What you need to do -> The records underneath are to be repeated exactly, with the pictures left out.

---------- Information supplied ----------

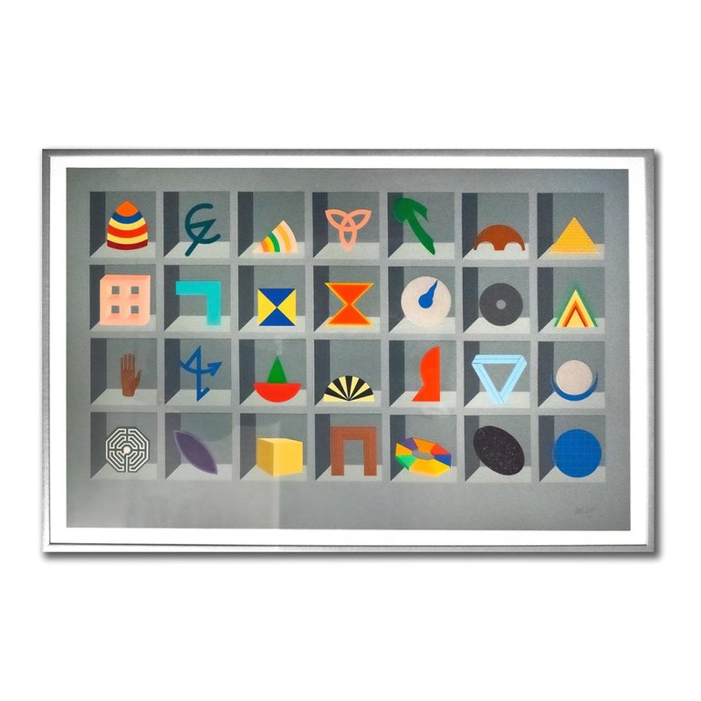 Lucio del Pezzo - Casellario (Multiplo) Casellario è un'opera emblematica di Lucio del Pezzo, caratterizzata da una struttura a griglia che ricorda una "scatola degli oggetti" o un archivio della memoria. L'opera presenta 28 scomparti, ognuno dei quali ospita un diverso simbolo geometrico o iconografico dai colori vivaci, tipici del linguaggio neo-dadaista e pop dell'artista. Dimensioni con cornice: 106 x 156 cmDimensioni senza cornice: 92,5 x 142,5 cm Ottimo stato di conservazione come da immagini
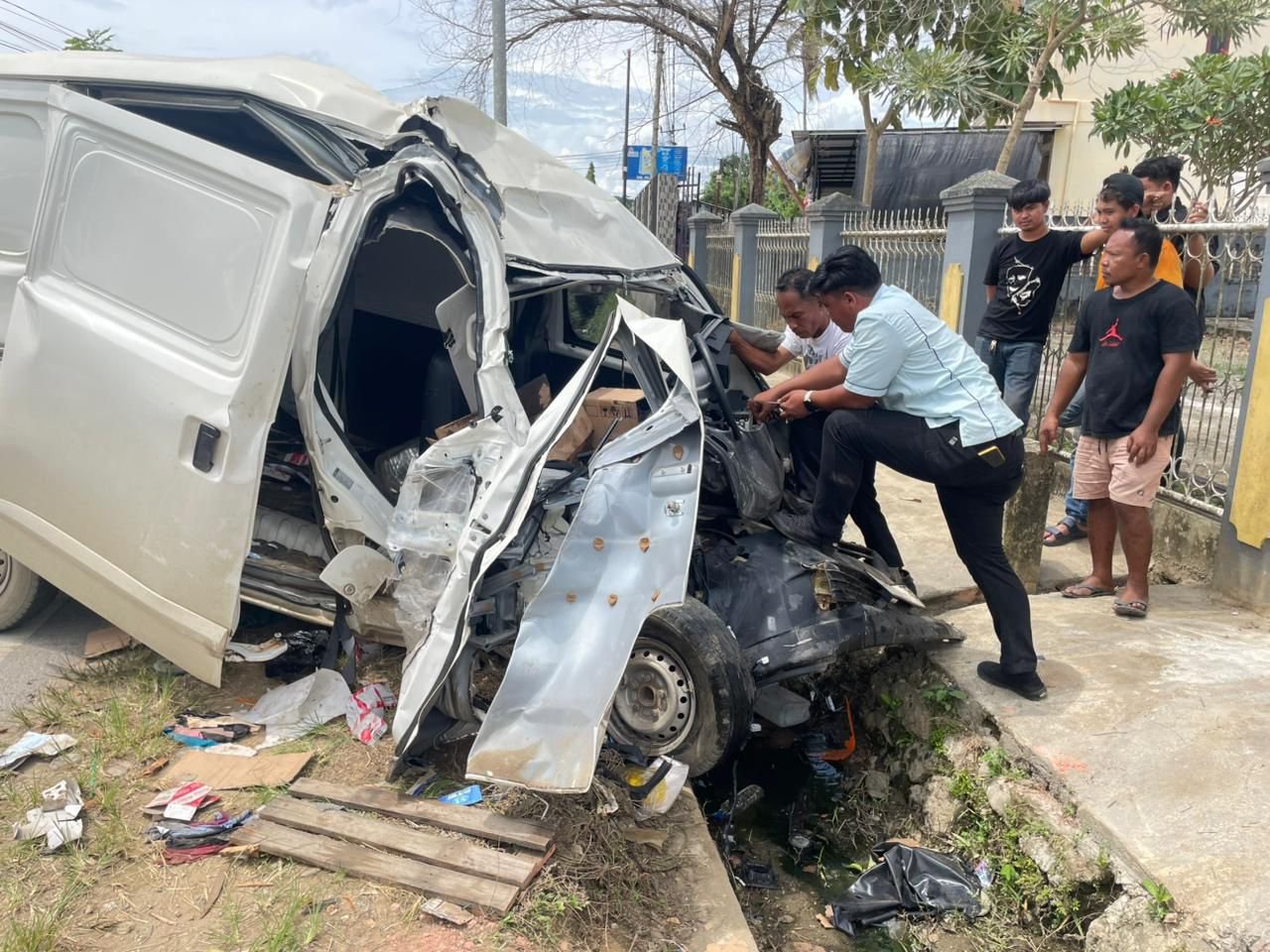 Minibus warna putih masuk ke selokan usai menabrak truk bermuatan pasir di Jalan Pattimura, Kelurahan Watulondo, Kecamatan Puuwatu, Kota Kendari. Foto: Istimewa. (3/12/2025).
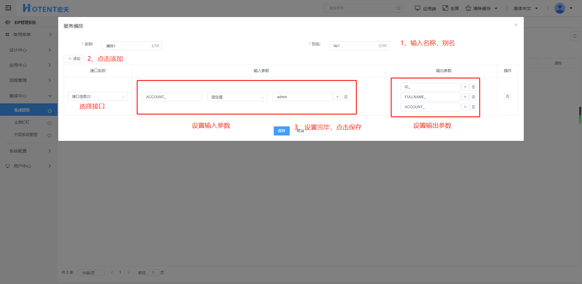 第一步:【集成中心】→【集成管理】→【服务编排】,单击“添加”,设置服务编排信息;
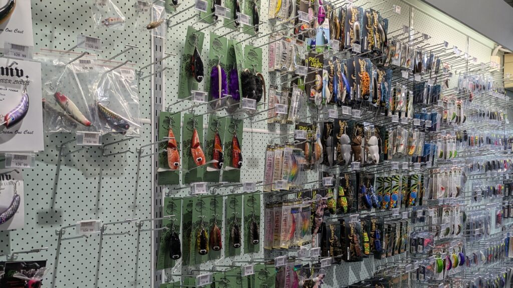 最大60㎝ほどのジャークフライと呼ばれる大型なフェザージグ(?)や、パイク用の大型スイムベイトが目立ちました。
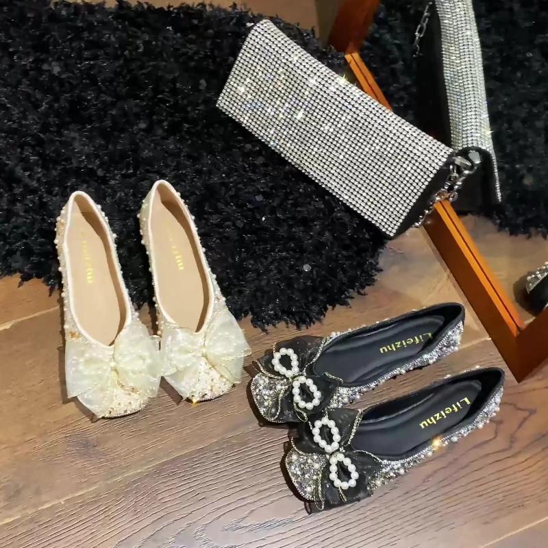 Neue Mode Damenschuhe Flach Frühling Sommer Kristall Schleife Runde Spitze Bootsschuhe Mädchen Große Größe Slipper Loafer
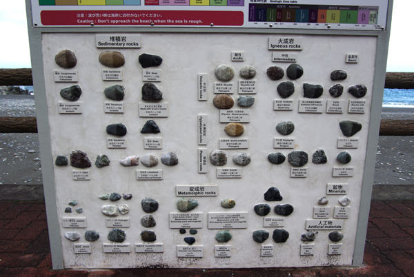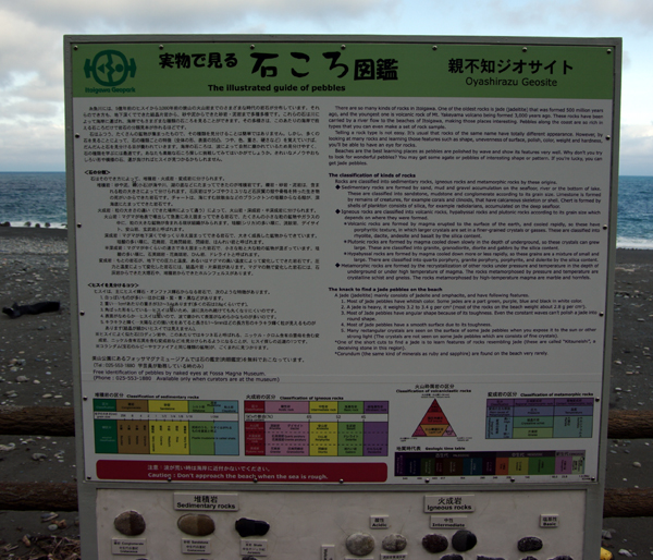なんとこの看板,実物の石がはめ込んであり,海岸で翡翠探しをするときの大きな味方になってくれます.
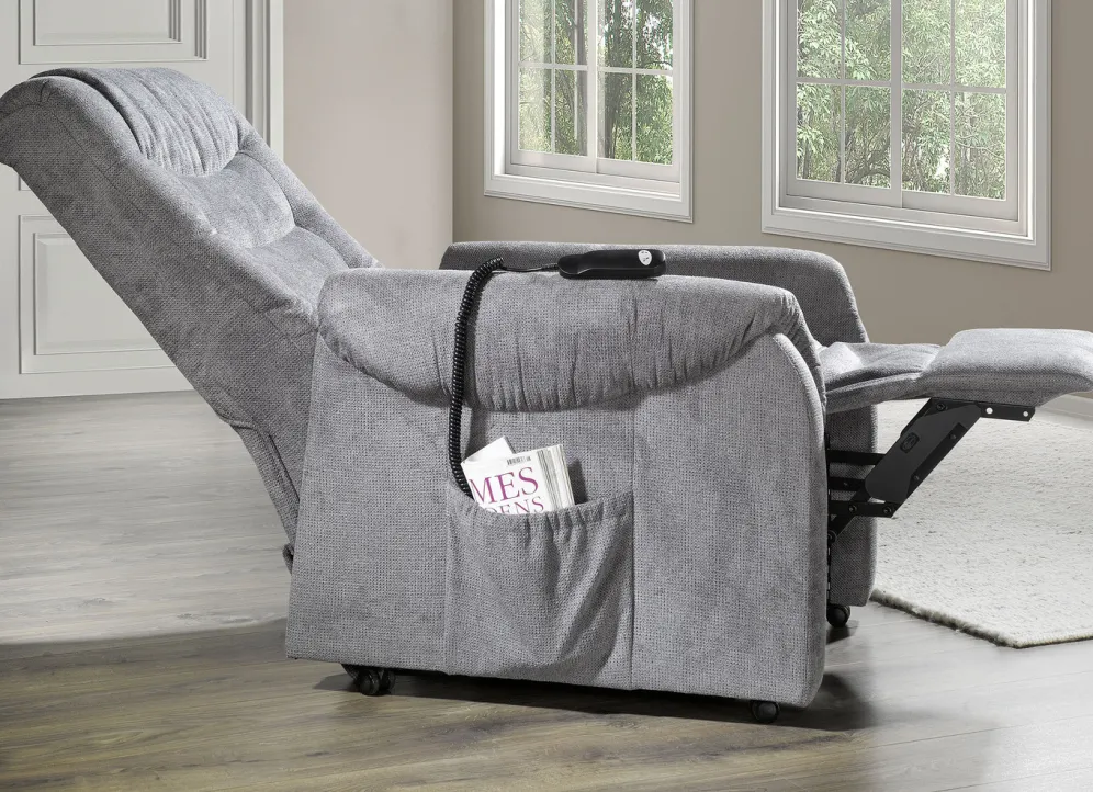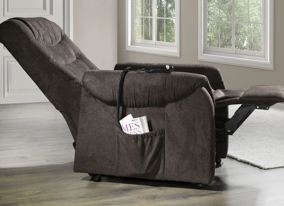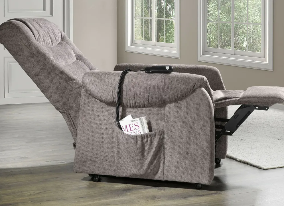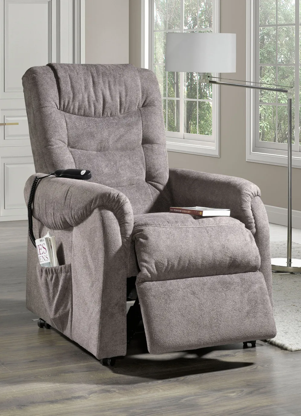 TV-Sessel mit Rollen und Federkern in der Ausführung manuell verstellbar und in Hellbraun.
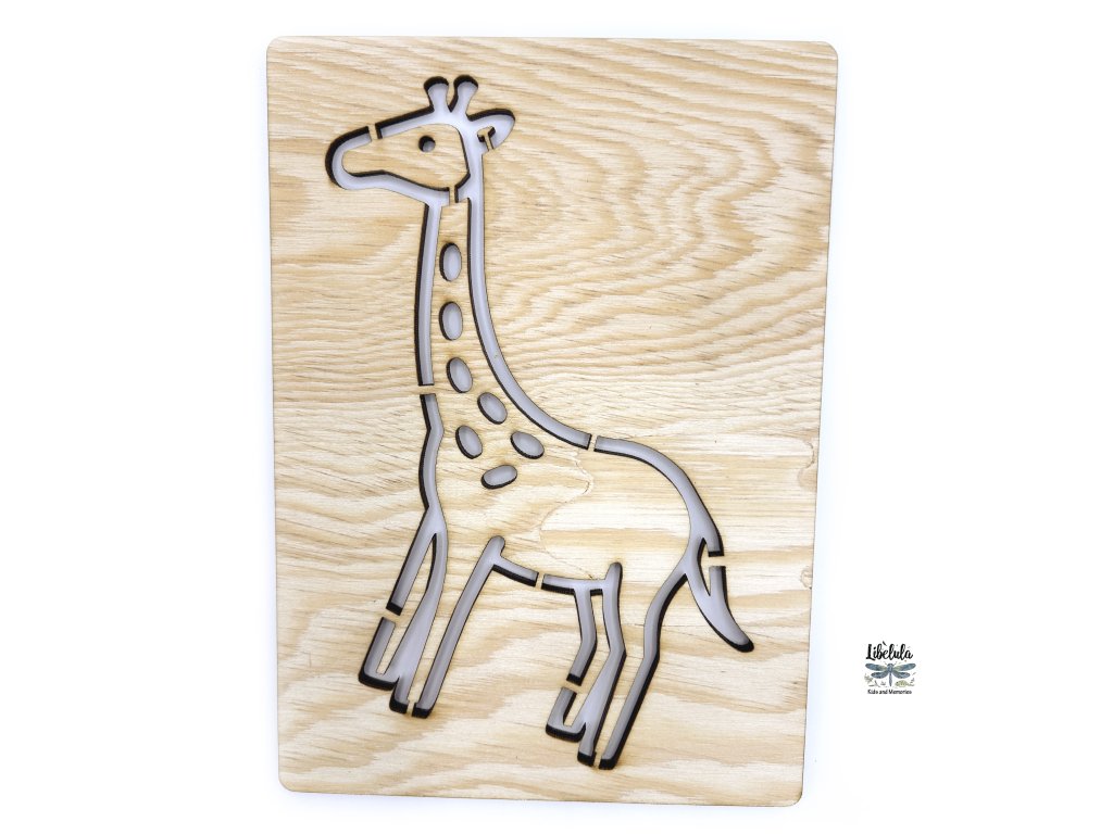 Drevená šablóna v tvare žirafy 🦒 – určená na obťahovanie ceruzkou alebo pastelkou. Pomáha deťom rozvíjať jemnú motoriku a objavovať krásy africkej prírody. ✏️✋🌍
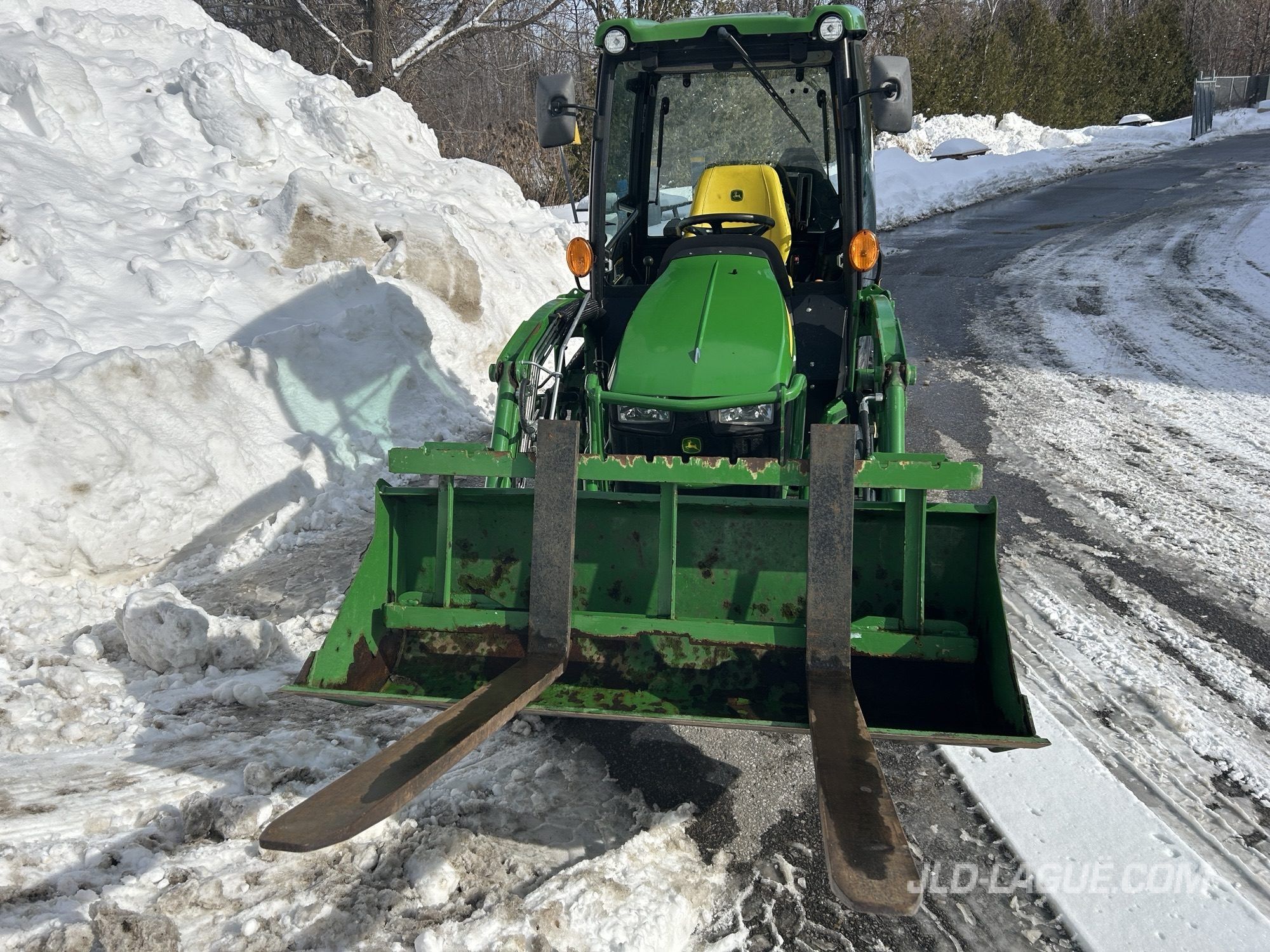 ENGINE HP 25, PTO HP 17, TRANS. HYDRO, 26X12-12 R4 90% GOOD, 18X8.50-10 R4 90% GOOD, 0 SCV, PTO 540, HEATED CAB, REAR WIPER, MIRRORS, JD 120R, NSL LOADER, 2FTS MEC. JOYSTICK, BUCKET, 48” PALLET FORK, WARRANTY 2000HRS / OCT. 26 2028 JD,

----------

Answer space ->
 Lucio del Pezzo - Casellario (Multiplo) Casellario è un'opera emblematica di Lucio del Pezzo, caratterizzata da una struttura a griglia che ricorda una "scatola degli oggetti" o un archivio della memoria. L'opera presenta 28 scomparti, ognuno dei quali ospita un diverso simbolo geometrico o iconografico dai colori vivaci, tipici del linguaggio neo-dadaista e pop dell'artista. Dimensioni con cornice: 106 x 156 cmDimensioni senza cornice: 92,5 x 142,5 cm Ottimo stato di conservazione come da immagini
 Minibus warna putih masuk ke selokan usai menabrak truk bermuatan pasir di Jalan Pattimura, Kelurahan Watulondo, Kecamatan Puuwatu, Kota Kendari. Foto: Istimewa. (3/12/2025).
 第一步:【集成中心】→【集成管理】→【服务编排】,单击“添加”,设置服务编排信息;
 最大60㎝ほどのジャークフライと呼ばれる大型なフェザージグ(?)や、パイク用の大型スイムベイトが目立ちました。
 Neue Mode Damenschuhe Flach Frühling Sommer Kristall Schleife Runde Spitze Bootsschuhe Mädchen Große Größe Slipper Loafer
なんとこの看板,実物の石がはめ込んであり,海岸で翡翠探しをするときの大きな味方になってくれます.
 TV-Sessel mit Rollen und Federkern in der Ausführung manuell verstellbar und in Hellbraun.
 Drevená šablóna v tvare žirafy 🦒 – určená na obťahovanie ceruzkou alebo pastelkou. Pomáha deťom rozvíjať jemnú motoriku a objavovať krásy africkej prírody. ✏️✋🌍
 ENGINE HP 25, PTO HP 17, TRANS. HYDRO, 26X12-12 R4 90% GOOD, 18X8.50-10 R4 90% GOOD, 0 SCV, PTO 540, HEATED CAB, REAR WIPER, MIRRORS, JD 120R, NSL LOADER, 2FTS MEC. JOYSTICK, BUCKET, 48” PALLET FORK, WARRANTY 2000HRS / OCT. 26 2028 JD,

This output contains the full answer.